Je travaille aussi beaucoup sur la déculpabilisation. La nutrition saisonnière n’est pas un dogme — manger une tomate en janvier ne va pas vous rendre malade. C’est une direction générale, une tendance à adopter progressivement, pas une règle absolue.

Pour les personnes qui aimeraient adopter ces principes mais qui ont un budget serré, quels conseils pratiques donnez-vous ?

Le budget est la première objection que j’entends, et je comprends. Voilà mes conseils concrets : premièrement, les AMAP (Associations pour le Maintien d’une Agriculture Paysanne) proposent souvent des paniers moins chers que les supermarchés, avec des légumes de saison très frais. Recherchez celles de votre région sur rencontres des agricultures et circuits courts.

Deuxièmement, achetez en quantités plus importantes quand un légume est abondant et moins cher, et congelez. Les haricots verts en plein été, les petits pois en mai, les courgettes en juillet — ils se congèlent très bien après un rapide blanchiment. Vous bénéficiez du prix et de la qualité de saison pendant l’hiver.

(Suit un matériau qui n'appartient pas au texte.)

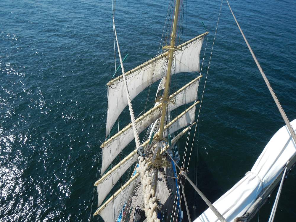 Судно становится на рейд у Балтийска (место якорной стоянки судна). В последний раз за экспедицию группа трейнизов собирается на палубе для торжественного подъема флага. Если погода позволит, у нас будет еще одна возможность подняться на мачты и бушприт – чтобы запомнить этот вид и попрощаться с парусником с высоты птичьего полета.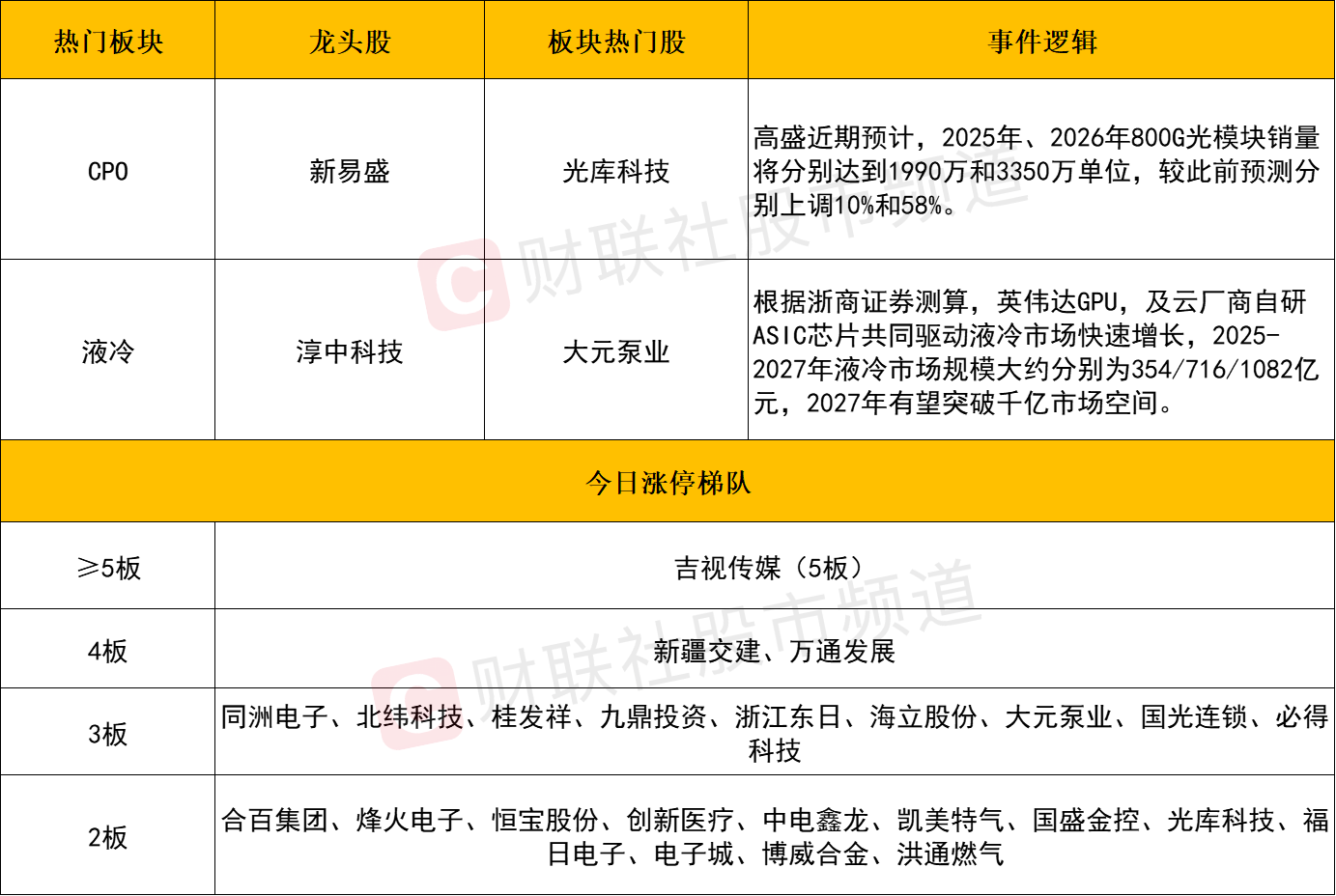 算力硬件股依旧是今日盘面的领涨核心。工业富联、沪电股份、深南电路等涨停,新易盛、中际旭创、胜宏科技均涨超9%续创历史新高。并且也开始向后排扩散,如光库科技、罗博特科、剑桥科技等个股同样获得资金补涨拉升。随着前排核心标的整体来至相对高位,对于此前没有先手筹码的增量资金而言,或更偏好于进行低位挖潜。后续仍可留意热门板块中一些在低位异动放量的个股,另一方面,也可以跟随相关产业链寻找一些仍具有预期差的细分。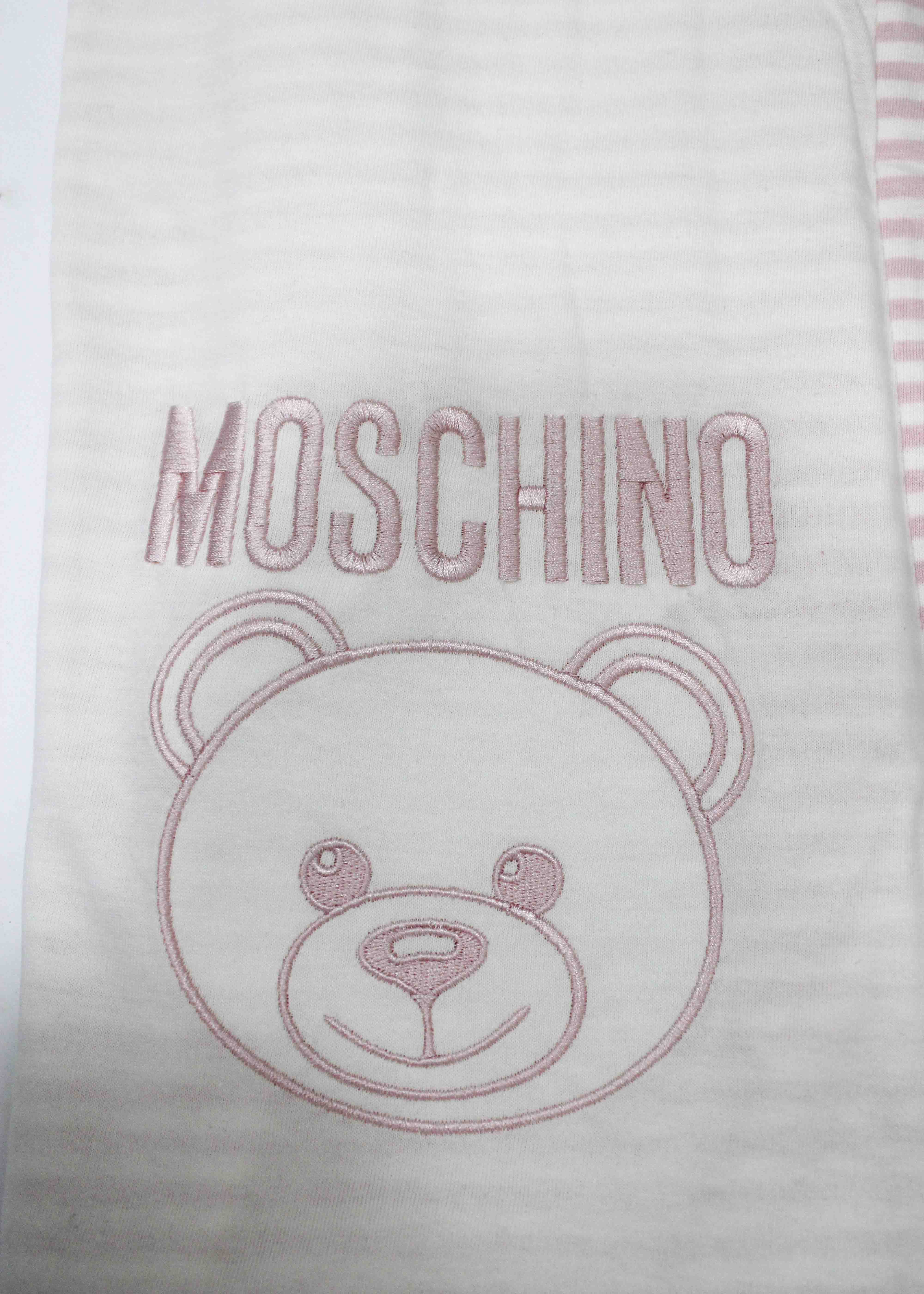 Wrap your newborn in softness and style with the Moschino Kids Pink Striped Blanket with Logo, available on Florence Kids. This elegant blanket is crafted from high-quality cotton, ensuring comfort and gentleness on the sensitive skin of little ones. The pink striped design is enriched with a refined embroidery of the Moschino logo and the iconic teddy bear, adding a touch of charm and distinctiveness. The straight hem keeps the design clean and simple, perfect for cradling your baby in absolute comfort. Included in the package, you will also find a matching onesie, making this set an ideal gift for new parents.

Troisièmement, les légumineuses — lentilles, pois chiches, haricots secs — sont des protéines végétales très peu coûteuses, durables, et peuvent être cuisinées avec n’importe quel légume de saison. Un curry de lentilles aux épinards printaniers est délicieux, nourrissant et très économique.

Enfin, réduire le gaspillage alimentaire libère souvent un budget insoupçonné. Les Français jettent en moyenne 30 kg de nourriture par personne et par an. Planifier ses repas, utiliser les restes, cuisiner les épluchures — tout cela peut représenter une économie significative.

Conclusion de notre rencontre

À travers cet échange, Sophie Mercier confirme ce que beaucoup de nutritionnistes et de chercheurs en alimentation constatent : la nutrition saisonnière n’est pas un régime tendance, c’est une façon de manger profondément ancrée dans notre biologie et notre histoire qui a simplement été oubliée avec la modernisation de l’alimentation. La réadopter ne demande pas un bouleversement radical mais une réorientation progressive, curiosité et marché local en main.